____ Given information

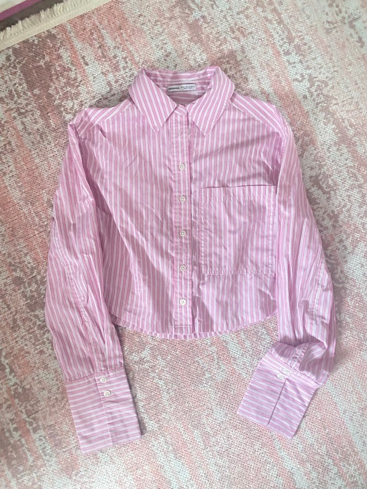 Pembe pastel tonlarda, uzun kollu, yakalı ve düğmeli ön kısmı olan gömlek. Rahat kesimi, normal midi boyu ve çizgili deseniyle pamuklu yumuşak kumaştan üretilmiştir. Trendy günlük stil için uygundur.
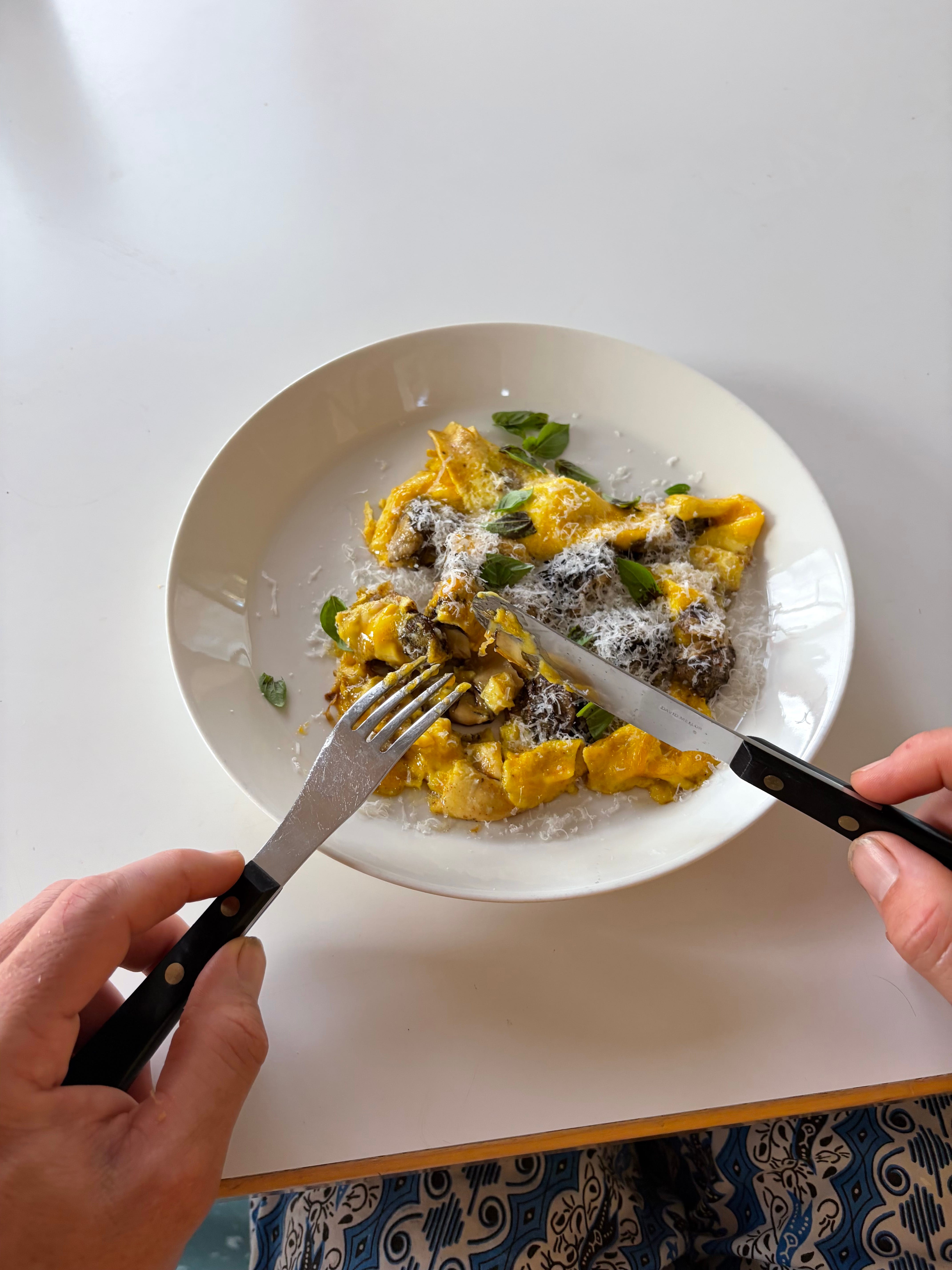 Pour the eggs into the pan and let them sit. Add the artichokes in the centre of the omelette. Watch the eggs and when one side is able to be lifted up with a spatula, fold the omelette onto itself. You don’t need to fold it in half, just over the artichokes as much as you can. Then wait for the other side to be able to be folded over. You don’t want to overcook the omelette, so it will require your full attention and take a bit of practice.
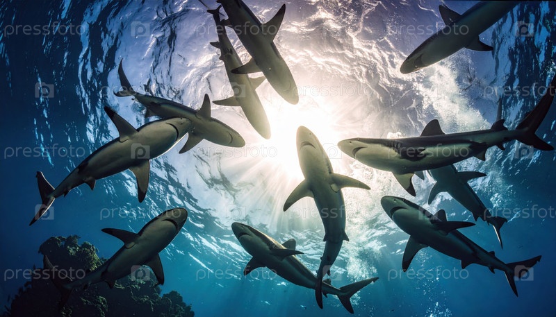 Школа акул, освещенная солнечным светом под водой, иллюстрирует морское биоразнообразие, океанскую жизнь или темы страха, силы и исследования
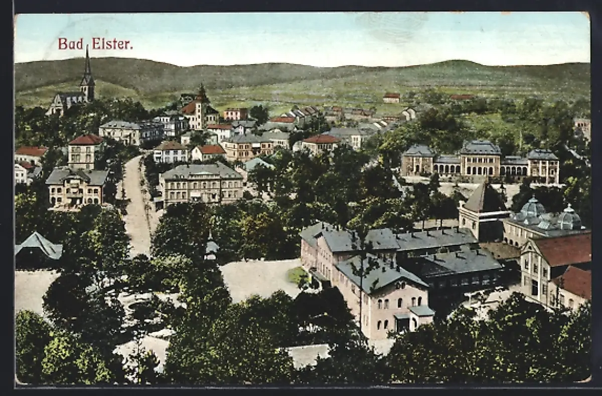 AK Bad Elster, Stadtansicht mit Kurgebäuden und Kirche

________

- **Problem**
Reproduce the lines above exactly, image-free.

- **Exercise output**
 Pembe pastel tonlarda, uzun kollu, yakalı ve düğmeli ön kısmı olan gömlek. Rahat kesimi, normal midi boyu ve çizgili deseniyle pamuklu yumuşak kumaştan üretilmiştir. Trendy günlük stil için uygundur.
 Pour the eggs into the pan and let them sit. Add the artichokes in the centre of the omelette. Watch the eggs and when one side is able to be lifted up with a spatula, fold the omelette onto itself. You don’t need to fold it in half, just over the artichokes as much as you can. Then wait for the other side to be able to be folded over. You don’t want to overcook the omelette, so it will require your full attention and take a bit of practice.
 Школа акул, освещенная солнечным светом под водой, иллюстрирует морское биоразнообразие, океанскую жизнь или темы страха, силы и исследования
 AK Bad Elster, Stadtansicht mit Kurgebäuden und Kirche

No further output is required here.